Give again, word for word, the lines below that run from the line with "Раскрась до измерения" through the line with "A real estate". Drop the pictures.

RECORDS SUPPLIED
==*==

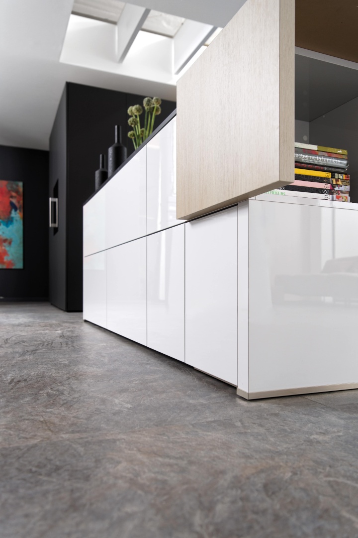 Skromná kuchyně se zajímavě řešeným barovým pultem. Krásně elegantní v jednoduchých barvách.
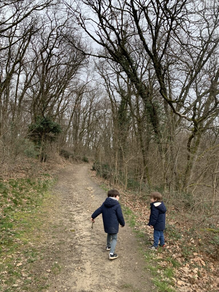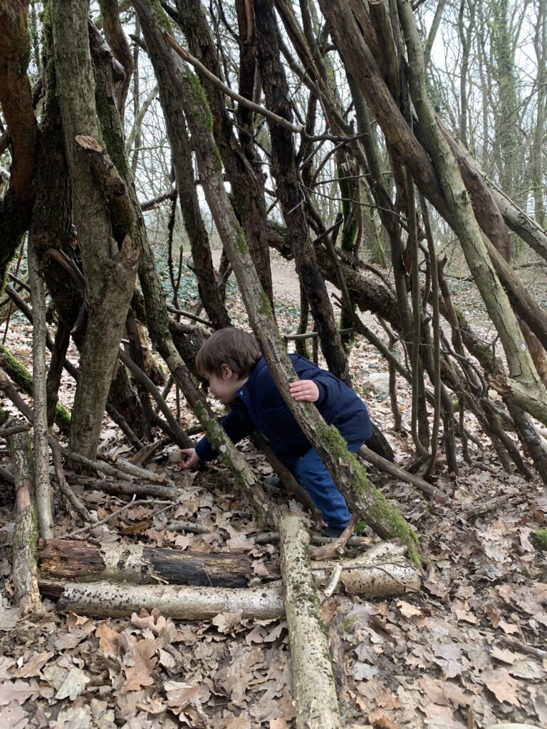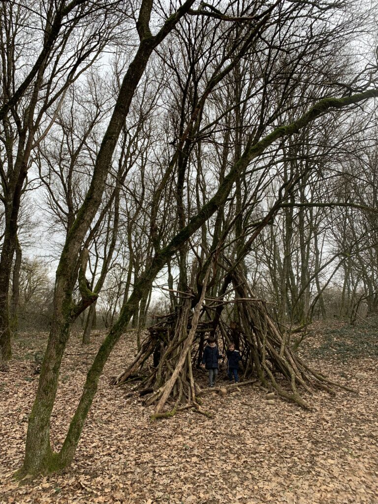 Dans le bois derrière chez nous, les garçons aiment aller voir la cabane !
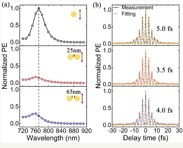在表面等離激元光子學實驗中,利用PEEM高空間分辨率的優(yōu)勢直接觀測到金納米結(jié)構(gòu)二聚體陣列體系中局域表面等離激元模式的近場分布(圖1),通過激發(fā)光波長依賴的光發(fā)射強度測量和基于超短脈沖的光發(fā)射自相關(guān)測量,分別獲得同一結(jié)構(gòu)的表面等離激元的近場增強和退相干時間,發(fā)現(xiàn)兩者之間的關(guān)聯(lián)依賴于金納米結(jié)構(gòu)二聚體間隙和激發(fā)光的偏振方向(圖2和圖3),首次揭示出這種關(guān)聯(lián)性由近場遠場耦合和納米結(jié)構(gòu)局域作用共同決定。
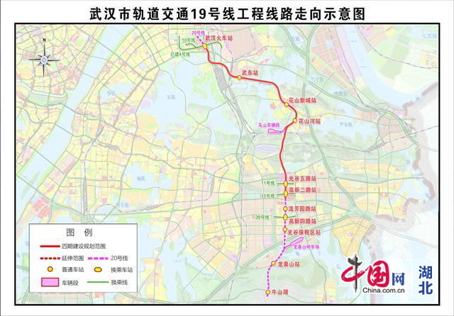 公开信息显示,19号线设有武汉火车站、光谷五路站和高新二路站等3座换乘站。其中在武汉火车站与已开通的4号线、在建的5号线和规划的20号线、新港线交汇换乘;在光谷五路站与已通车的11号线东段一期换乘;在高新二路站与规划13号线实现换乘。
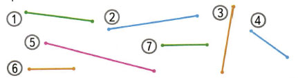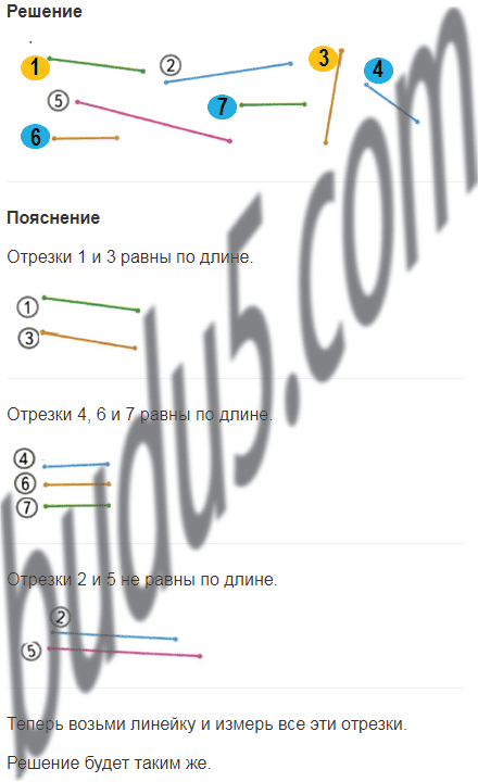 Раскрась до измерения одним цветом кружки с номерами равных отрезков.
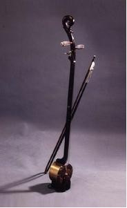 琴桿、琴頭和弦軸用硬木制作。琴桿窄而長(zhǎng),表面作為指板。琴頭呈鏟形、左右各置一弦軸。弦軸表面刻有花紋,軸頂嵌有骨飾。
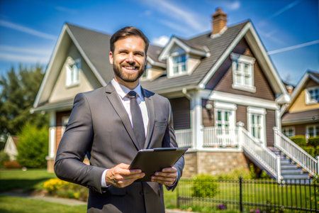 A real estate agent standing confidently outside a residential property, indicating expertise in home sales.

==*==

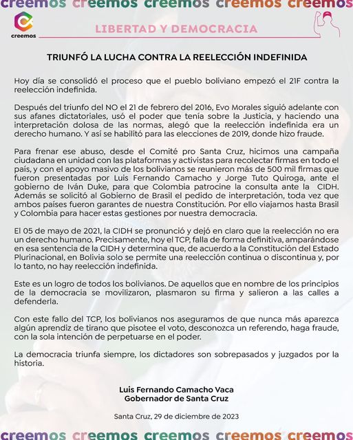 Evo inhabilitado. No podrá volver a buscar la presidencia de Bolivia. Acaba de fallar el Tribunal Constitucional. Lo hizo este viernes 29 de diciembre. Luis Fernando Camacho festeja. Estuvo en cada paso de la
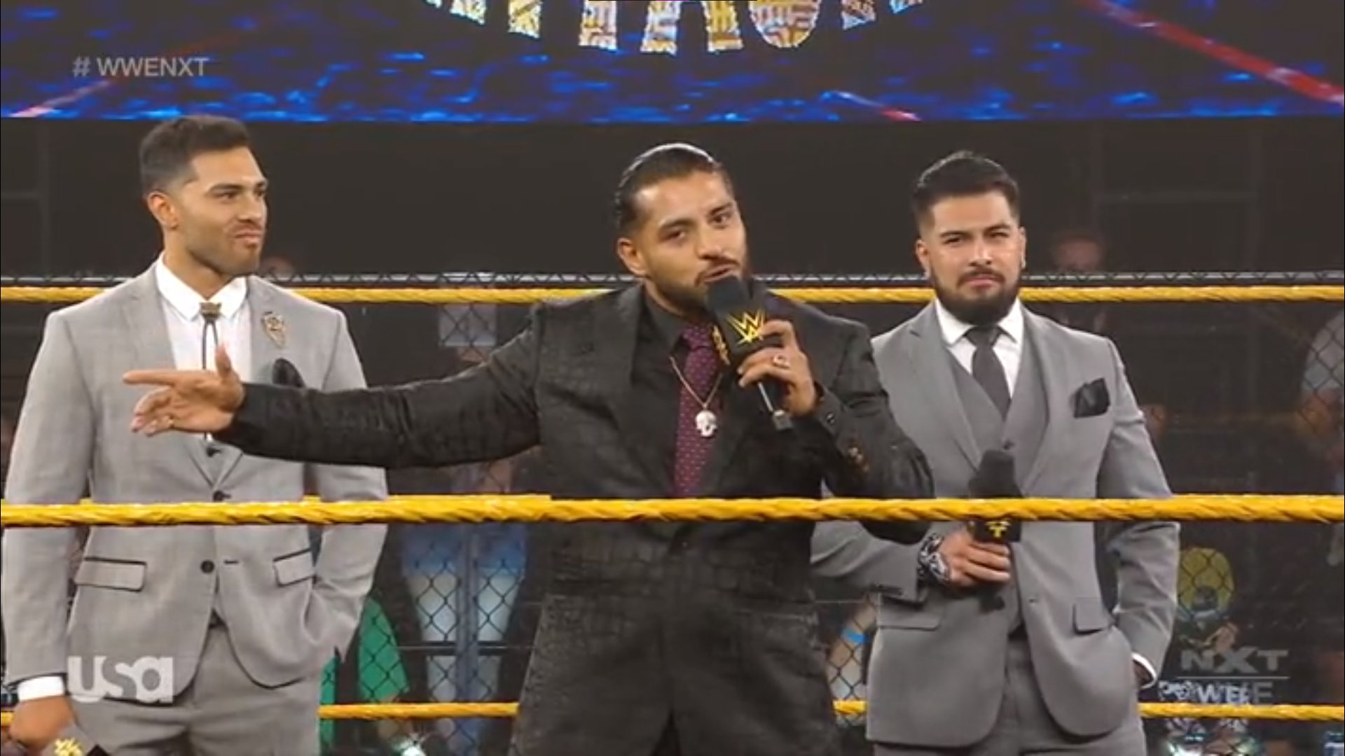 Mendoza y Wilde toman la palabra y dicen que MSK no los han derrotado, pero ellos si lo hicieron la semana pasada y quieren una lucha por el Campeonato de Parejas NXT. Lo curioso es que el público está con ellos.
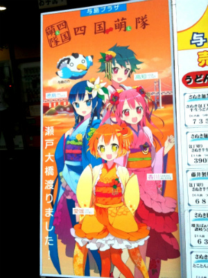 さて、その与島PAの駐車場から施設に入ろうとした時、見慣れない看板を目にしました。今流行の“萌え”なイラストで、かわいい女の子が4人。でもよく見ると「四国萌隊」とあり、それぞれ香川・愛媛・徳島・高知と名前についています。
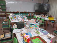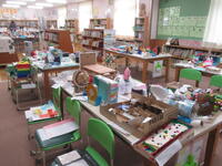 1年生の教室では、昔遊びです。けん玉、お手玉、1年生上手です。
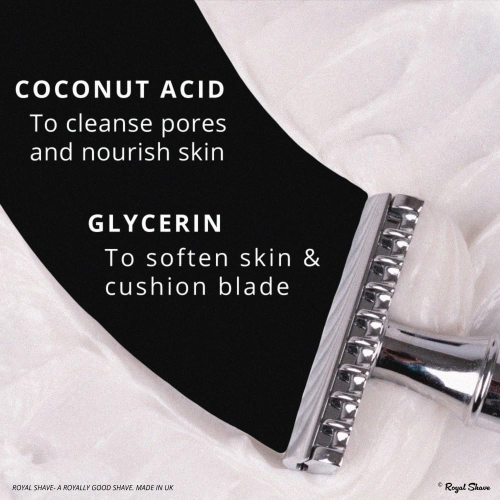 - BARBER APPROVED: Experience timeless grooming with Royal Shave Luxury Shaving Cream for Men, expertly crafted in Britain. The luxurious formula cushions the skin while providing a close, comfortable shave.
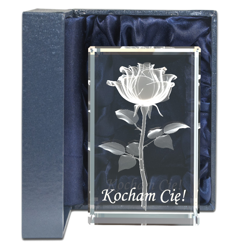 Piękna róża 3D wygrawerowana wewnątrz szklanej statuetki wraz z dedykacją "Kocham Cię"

==*==

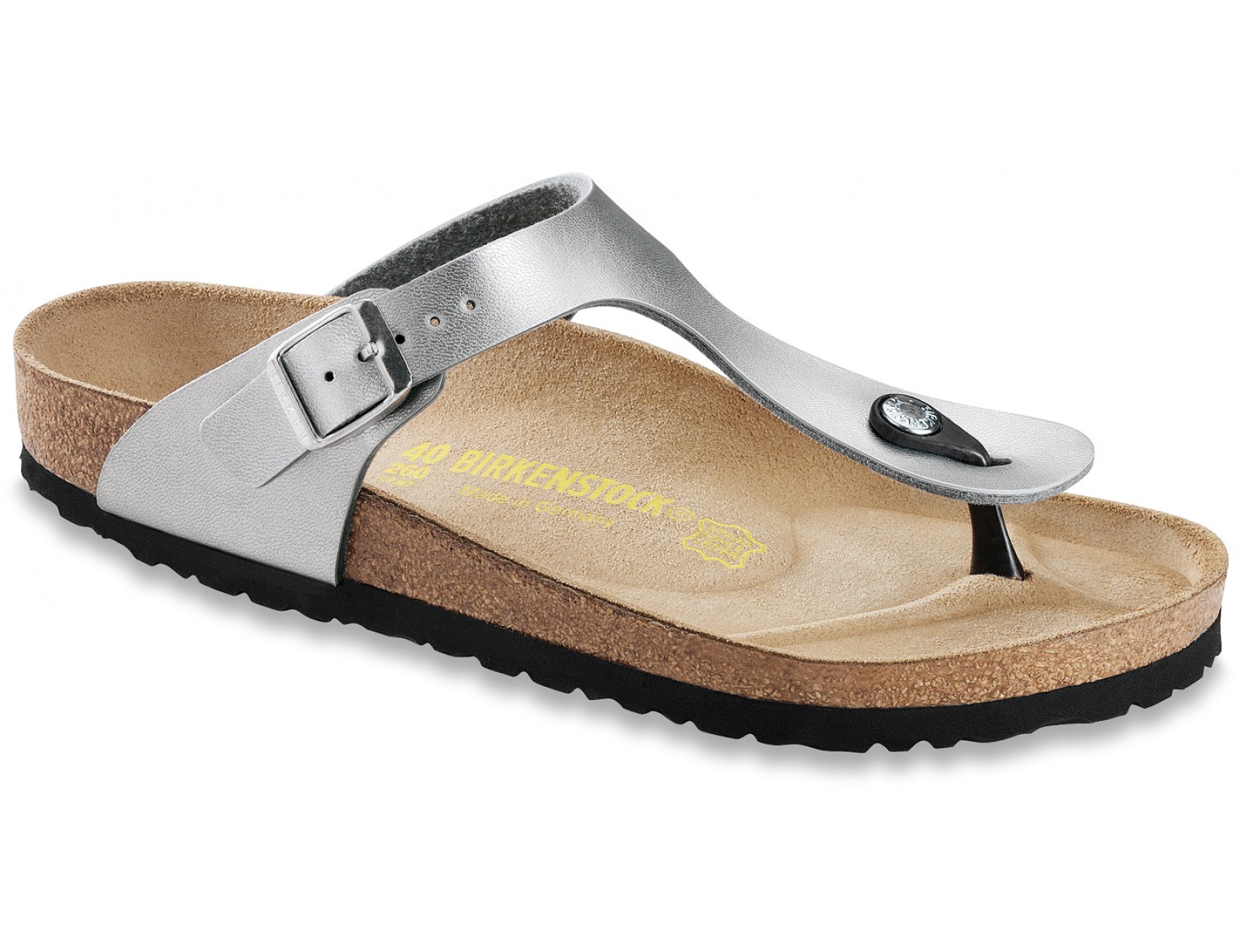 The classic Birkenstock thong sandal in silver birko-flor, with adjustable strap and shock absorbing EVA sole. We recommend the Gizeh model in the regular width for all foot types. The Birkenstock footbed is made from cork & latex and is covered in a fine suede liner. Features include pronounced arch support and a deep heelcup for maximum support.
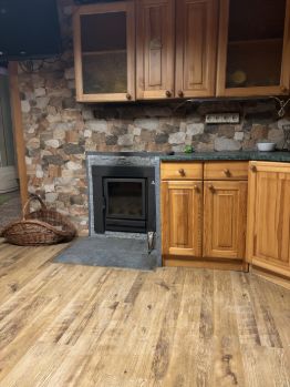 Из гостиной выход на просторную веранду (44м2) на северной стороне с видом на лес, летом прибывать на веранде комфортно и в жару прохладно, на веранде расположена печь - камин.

==*==

RESPONSE TO THIS TASK
 Раскрась до измерения одним цветом кружки с номерами равных отрезков.
 琴桿、琴頭和弦軸用硬木制作。琴桿窄而長(zhǎng),表面作為指板。琴頭呈鏟形、左右各置一弦軸。弦軸表面刻有花紋,軸頂嵌有骨飾。
 A real estate agent standing confidently outside a residential property, indicating expertise in home sales.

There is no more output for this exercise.